TUI Suisse streicht wegen Corona-Krise 70 Stellen

(Ausführliche Fassung) - Die Corona-Krise kostet in der Schweizer Reisebranche weitere Stellen. Die Tochter des weltweit grössten Touristikkonzerns TUI schliesst hierzulande acht Filialen und baut 70 Arbeitsplätze ab. Das entspricht rund 15 Prozent der Stellen.
08.07.2020 11:42

Acht der aktuell 62 Schweizer Filialen werden per Ende September 2020 geschlossen, teilte TUI Suisse am Mittwoch mit. Konkret sind dies die Filialen Zürich Sihlporte, Winterthur Marktgasse, Dietikon, Mall of Switzerland, Cham, Luzern Zürichstrasse, Bern Spitalgasse und Biel.

Dadurch werden rund 70 Stellen nicht besetzt oder abgebaut, wie es heisst. Der Stellenabbau soll durch natürliche Fluktuationen, Pensionierungen, Arbeitspensum-Reduktionen aber auch Entlassungen umgesetzt werden.

TUI beschäftigt den Angaben zufolge aktuell 468 Mitarbeitende in der Schweiz und biete allen betroffenen Mitarbeitenden Unterstützung durch einen Sozialplan an.

"Wir gehen davon aus, dass wir in diesem Sommer rund 70 Prozent weniger Reisen durchführen können als ursprünglich erwartet", wird TUI-Schweiz-Chef Philipp von Czapiewski in der Mitteilung zitiert. Die Massnahmen seien daher notwendig, um für die Zukunft richtig aufgestellt zu sein.

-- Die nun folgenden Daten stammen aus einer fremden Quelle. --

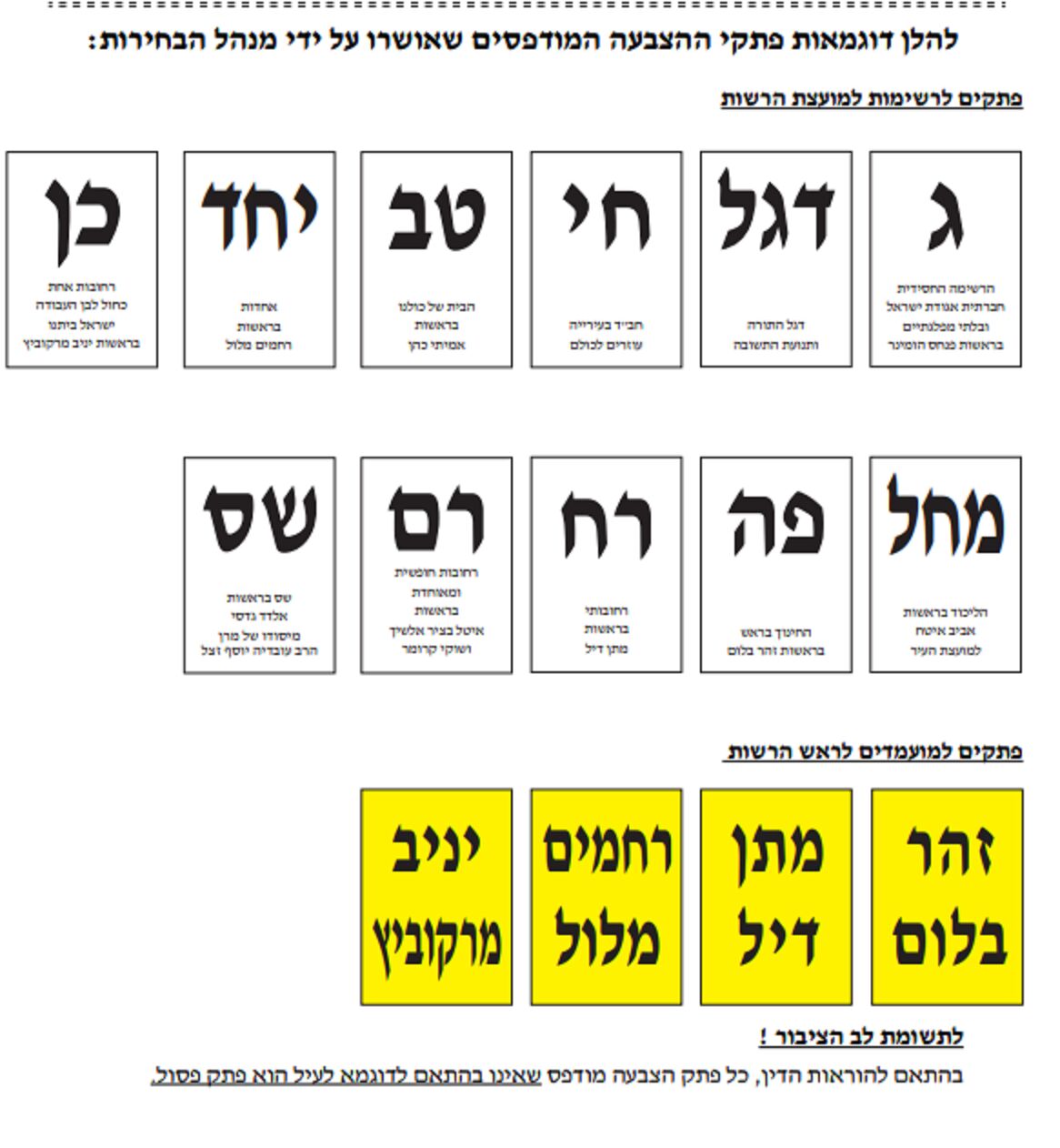 פתק לבן - לבחירת הרשימה אותו יש להכניס למעטפה הצהובה

Pandemie lässt Reisebranche einbrechen

Die Pandemie, die damit einhergehenden Reisebeschränkungen und der Zusammenbruch der Luftfahrt hat die Reiseanbieter und Reisebüros schwer getroffen. Der Nachfrageeinbruch und die Rückzahlungen an die Kunden, deren gebuchte Reisen ausgefallen sind, stellt viele Unternehmen vor grosse finanzielle Probleme.

Und es ist nicht die erste angekündigte Stellenabbau bei Branchengrössen. So hatte Hotelplan Ende Juni den Abbau von 170 Stellen in der Schweiz und den Rückzug aus der Romandie angekündigt. Auch Globetrotter und Knecht Reisen straffen wegen der Corona-Krise ihr Filialnetz und bauen Stellen ab. Bereits Anfang Juni hatte Kuoni, eine Tochter der DER Touristik Suisse, eine Restrukturierung und einen Stellenabbau angekündigt.

Auch der TUI-Mutterkonzern war in Schwierigkeiten geraten und hatte im Mai einen Staatskredit von 1,8 Milliarden Euro erhalten. Besonders betroffen waren neben dem Pauschalreisegeschäft auch die Sparte Schiffskreuzfahrten und der Charter-Flieger Tuifly, wo ebenfalls ein massiver Stellenabbau geplant ist. Zudem wird der Verkauf von Unternehmensteilen und Hotels geprüft.